Nantinya, disiapkan puluhan barak khusus untuk siswa yang mengikuti program pendidikan karakter. Adapun siswa yang akan mengikuti program ini, dipilih berdasarkan kesepakatan antara sekolah dan orang tua.

“Selama enam bulan siswa akan dibina di barak dan tidak mengikuti sekolah formal. TNI yang akan menjemput langsung siswa ke rumah untuk dibina karakter dan perilakunya,” jelasnya.

Wacana ini lantas mendapat respons beragam. Salah satu dari anggota Komisi V sekaligus Ketua Fraksi PPP DPRD Jabar, Zaini Shofari yangn menyarankan supaya pembinaan anak pertama kali mesti dilakukan dengan memastikan ketahanan keluarga.

“Saya punya saran ketika ada anak sulit dibina itu harus dipastikan dulu ketahanan keluarganya. Alih-alih kita membina anak-anak, ternyata keluarganya juga memang sulit artinya tidak bisa dikendalikan dan akan terus bermunculan masalah itu,” ucap Zaini saat dihubungi.

“Misal remaja broken home, akhirnya dia bikin karakternya sendiri. Maka kuncinya adalah keluarga jadi hal yang terpenting , artinya menyasar keluarga dengan melakukan pembinaan, pengajaran itu jadi salah satu kunci. Termasuk soal moralitas dan pendidikan keagamaan,” lanjutnya.

Menurutnya, pembinaan terhadap siswa seharusnya bisa dilakukan dengan mengoptimalkan fungsi guru bimbingan dan konseling (BK) di sekolah. Guru BK kata dia bisa lebih aktif untuk mengawasi kondisi psikologis siswa agar tidak melakukan hal-hal negatif.

“Kan di sekolah ada guru BK, kenapa tidak dioptimalkan. Jadi tidak sekedar konseling, harus bersinergi dengan murid orang tua dan guru. Jadi penguatan sekolah, keluarga menjadi penting,” tegasnya.

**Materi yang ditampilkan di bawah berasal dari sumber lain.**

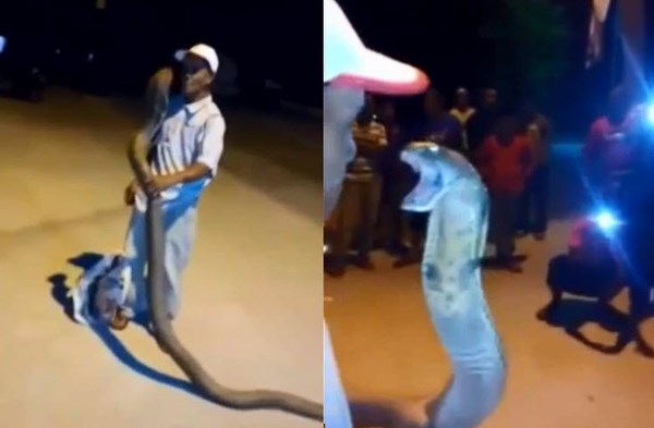 Sau đó, người đàn ông tuột tay và để rơi rắn hổ mang chúa xuống đất. Tuy vậy, nó vẫn không tấn công ông ta. Nếu không thì chắc chắn ông ta khó sống.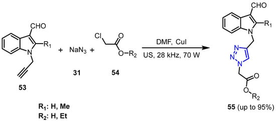 Mokariya et al. [36] reported the synthesis and characterization of a new 3-formyl-indole ring 1,2,3-triazole derivatives (55) using CuI as the catalyst with ultrasonic radiation. The procedure involves a condensation reaction between a 3-formyl-indole derivative (53), 2-chloroethyl acetate (54), and NaN3 (31) in DMF by using a powdered CuI catalyst and exposing the compounds to ultrasonic radiation at 28 kHz and 70 W. The final products were obtained with yields up to 95% (Scheme 19).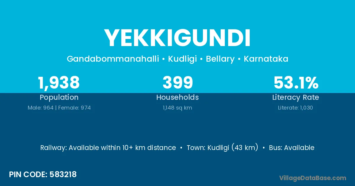 Yekkigundi village has a total population of 1,938 people, of which 964 are males and 974 are females.

Zaini setuju jika keterlibatan TNI-Polri dapat meningkatkan kedisiplinan seseorang. Namun menurutnya, kedisiplinan seharusnya bisa dibentuk dari rumah tanpa harus mengikuti kegiatan yang seakan wajib militer.

“Saya setuju pada wilayah kedisiplinan di TNI Polri, tapi pada wilayah karakter saya tidak setuju. Kalau kedisiplinan juga bisa dibangun dari rumah, banyak orang disiplin tapi tidak pernah mendapat pendidikan dari TNI Polri,” ujarnya.

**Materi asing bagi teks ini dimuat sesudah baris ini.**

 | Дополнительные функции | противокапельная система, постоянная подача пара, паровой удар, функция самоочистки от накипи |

Seharusnya menurut Zaini, Dedi Mulyadi bisa merujuk kebiasaan yang ada di lingkungan pesantren untuk membentuk karakter siswa. Di pesantren juga kata dia, siswa selain menjadi disiplin, bisa mendapat ilmu agama yang jadi tuntunan untuk kehidupan sehari-hari.

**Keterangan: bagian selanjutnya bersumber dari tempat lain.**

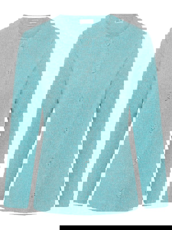 The Ribbed Button Cardigan is a stylish and versatile addition to any wardrobe, featuring a classic ribbed texture in opal blue that enhances its visual appeal.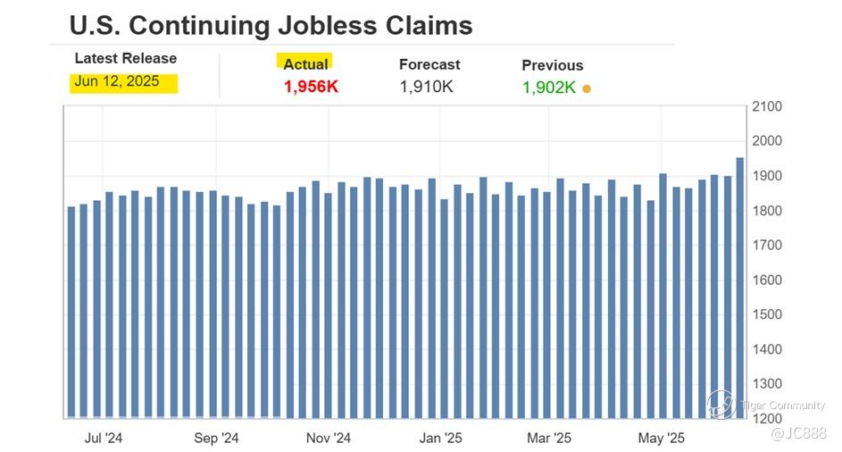 For week ending 31 May 2025, continuing claims increased by 54,000 to a seasonally adjusted 1.956 million, the highest level since 13 Nov.

“Model seperti itu bisa jadi rujukan, cara pesantren menangani santrinya. Artinya kesempatan untuk mendekatkan diri dengan sang khalik, dia (siswa) akan menghindari hal negatif,” ungkapnya.

Sehingga menurut Zaini, program melibatkan TNI Polri untuk pendidikan karakter siswa di Jabar dianggap tidak tepat. Menurutnya pemerintah seharusnya bisa hadir memfasilitasi segala kebutuhan masyarakat, termasuk anak muda dalam menyalurkan minat dan bakatnya.

Dia mengambil contoh, siswa yang kerap melakukan balap liar cenderung memiliki ketertarikan pada dunia otomotif, begitupun dengan siswa yang sering melakukan tawuran. Sehingga Zaini berpendapat, seharusnya disediakan fasilitas bagi siswa untuk menyalurkan minatnya.

“Iya jadi kalau dijadikan satu-satunya cara untuk anak itu saya kurang setuju. Misal anak suka motor, dia memang sukanya begitu. Sekarang di 27 Kabupaten kota ada gak fasilitas untuk anak-anak itu melampiaskan hobinya, bakatnya, seperti ruang publik untuk meningkatkan interaksi sosial,” ungkapnya.

“Kemudian contoh tawuran, kenapa gak disiapkan di tiap desa, kecamatan tempat sarana olahraga, salah satunya tinju misalnya. Jadi terlampiaskan yang punya bakat bela diri dan ada aktivitas. Artinya hasrat olahraga dapat, aturan dipakai, gak lagi pakai senjata tajam dan tidak mencederai,” tutup Zaini.